Happily, the program incorporated speakers from the arts, as well, and I think everyone was taken by Joseph Malloch‘s work, which involved the creation of new musical instruments that might be mistaken for post-human prosthetics. One of his creations, which looked like an exo-skeletal secondary spine, is “played” by a dancer who wriggles and writhes in order to achieve a certain visual and auditory aesthetic. The conversation was as fascinating as the presentation for me, because our incredibly tech-oriented audience was focused on the materiality of these objects, their existence as interface, and their programmability (is it an instrument that can be mastered by a prodigy or a program that can be tweaked for a particular aesthetic purpose?)
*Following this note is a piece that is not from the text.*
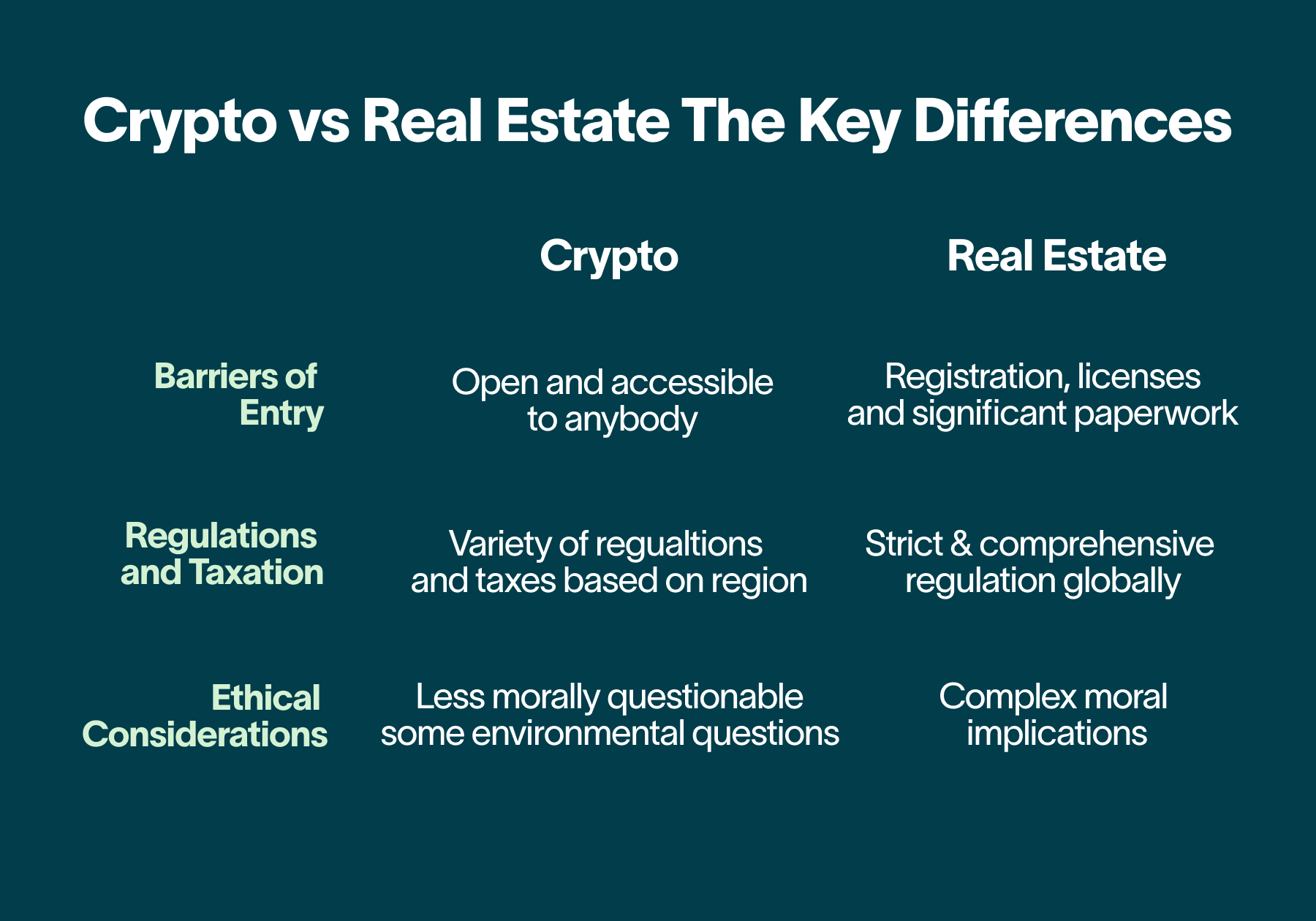 The real estate market comes with some ethical complications that you may or may not need to know about before making an investment decision. The fact that land is such an important part of human life means that governments, courts, and regulators must consider the impacts of real estate development and ownership on communities, the environment, and the economy at large. To some extent, you do not need to actively know about all of these elements unless you are being very hands-on with your investments, but the moral makeup of a sector is something that many people like to keep in mind when making a decision. The crypto market does not come with the same level of considerations, although it also has some environmental question marks surrounding it (especially for Bitcoin).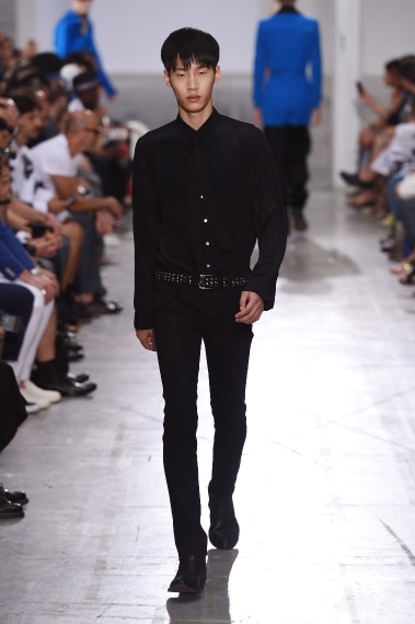 Linee pulite ed essenziali, look in total black intervallati da sprazzi di rosso intenso e blu acceso sfilano sulla passerella di CoSTUME NATIONAL alla Settimana della Moda di Milano. Ennio Capasa per la Primavera/Estate 2016 disegna un uomo "minimal-rock" che indossa pantaloni skinny e occhiali scuri, morbide camicie in seta e collari per completare il look.

Perhaps even more shocking: some attendees wanted to debate whether “this was really music or not.” Wow – some things never change ….
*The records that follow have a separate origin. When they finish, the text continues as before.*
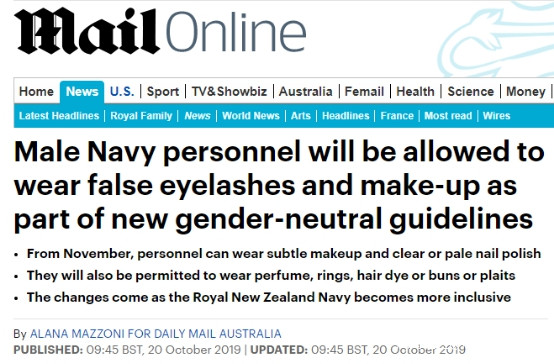 報道稱,根據新的性別平等準則,新西蘭國防軍將對包括男性在內的海軍士兵的儀容儀表規定進行修訂,新規允許所有海軍士兵化淡妝,用透明或淺色指甲油塗指甲,還可以戴假睫毛。此外,他們還可以噴香水或者古龍水,在最多兩隻手指上戴戒指,還可以留辮子和染自然色的頭髮。報道還提到,新規將從11月1日起生效。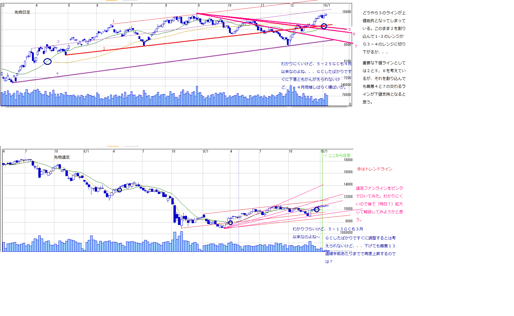 画像にトレンドラインとファンライン、一目とボリバン、MACD,RSIの様子を追加しました☆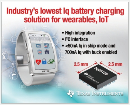 ▲ 웨어러블 및 IoT용 배터리 관리 솔루션, ‘bq25120’

I felt very lucky to be able to hear from Frans de Waal about his fascinating and utterly groundbreaking work on ethics and empathy among primates. Many of us humans labor under the false illusion that our less selfish characteristics arose out of the luxurious excesses of human civilization – where we’re so insulated from primal, dog eat dog realities that we can afford to be gracious and kind to other people. But de Waal has designed ingenious experiments demonstrating the empathetic bonds among primates and these animal’s very deep convictions about just and ethical behavior. Be sure to check out his TED talk because the videos will blow your mind.
I was completely bummed that I had to present right after Vytas SunSpiral, the nicest darn robotics engineer you’ll ever meet. He gave a refreshingly clear and cogent talk about a real revolution that’s taking place in robotics. It turns out that we know more about the brain than the spine. While the brain builds models of the world, the spine manages the contact dynamic with the environment. Ever wonder why a chicken can run around with its head cut off? The coordination in the muscles is still there because the spine is a decentralized system – an emergent coordination machine, as it were, which is exactly the kind of thing we need crawling around on other planets. Oh – did I mention that Vytas makes landing gear for interplanetary travel for NASA? Yeah, that’s his day job.
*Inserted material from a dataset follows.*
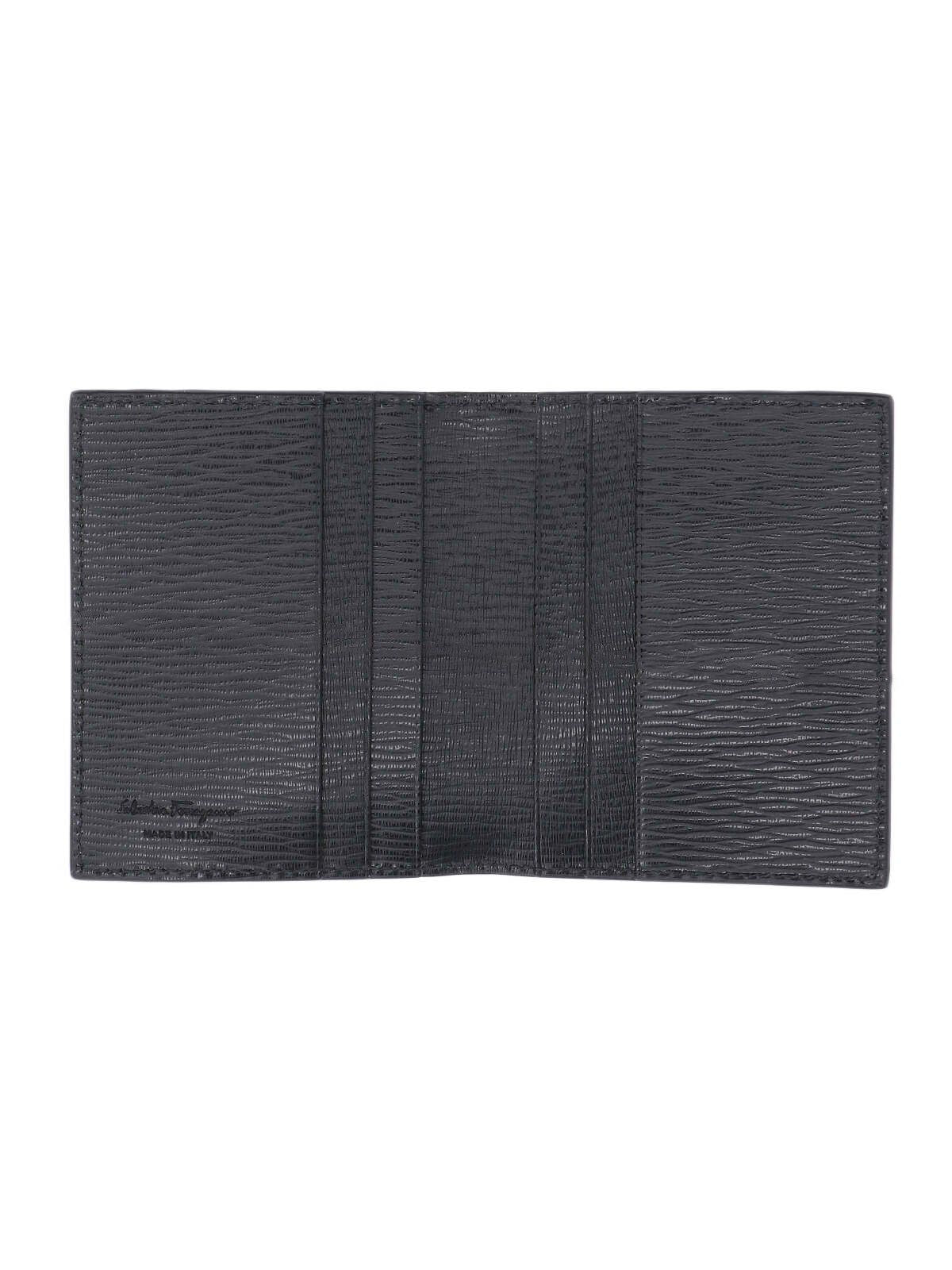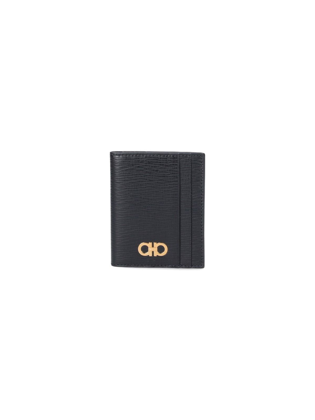 Portafoglio bi-fold "Gancini" Ferragamo, in pelle martellata nera, dettaglio logo metallico "Gancini" dorato fronte, due slot carte fronte, due slot carte retro, due tasche piatte interno, quattro slot carte interno.

Vytas argued that the strongest structures we might use for these landing devices might very well be tensile in nature – like the human body, whose strength is more a result of its soft tissue than its underlying bones. The human spine is not held together by the hinges you see in the skeleton in a doctor’s office. It’s the rubbery, bouncy, incredibly resilient fascia that provides our power and flexibility, and provides an ingenious model for future interplanetary space traveling robots – which might end up being “anthropomorphic” in ways we never imagined.
I’ve barely scratched the surface here, but I think you get the gist. Recognizing blur is not an acknowledgement of error, but often the first essential step in correcting a faulty taxonomy of knowledge. I was so fascinated by everyone else’s talks that I couldn’t wait to get off the stage so that I could hear more. (Mine, by the way, was about the future of audience segmentation and the blurring of traditional demographic categories, but I’ll leave that for another post.)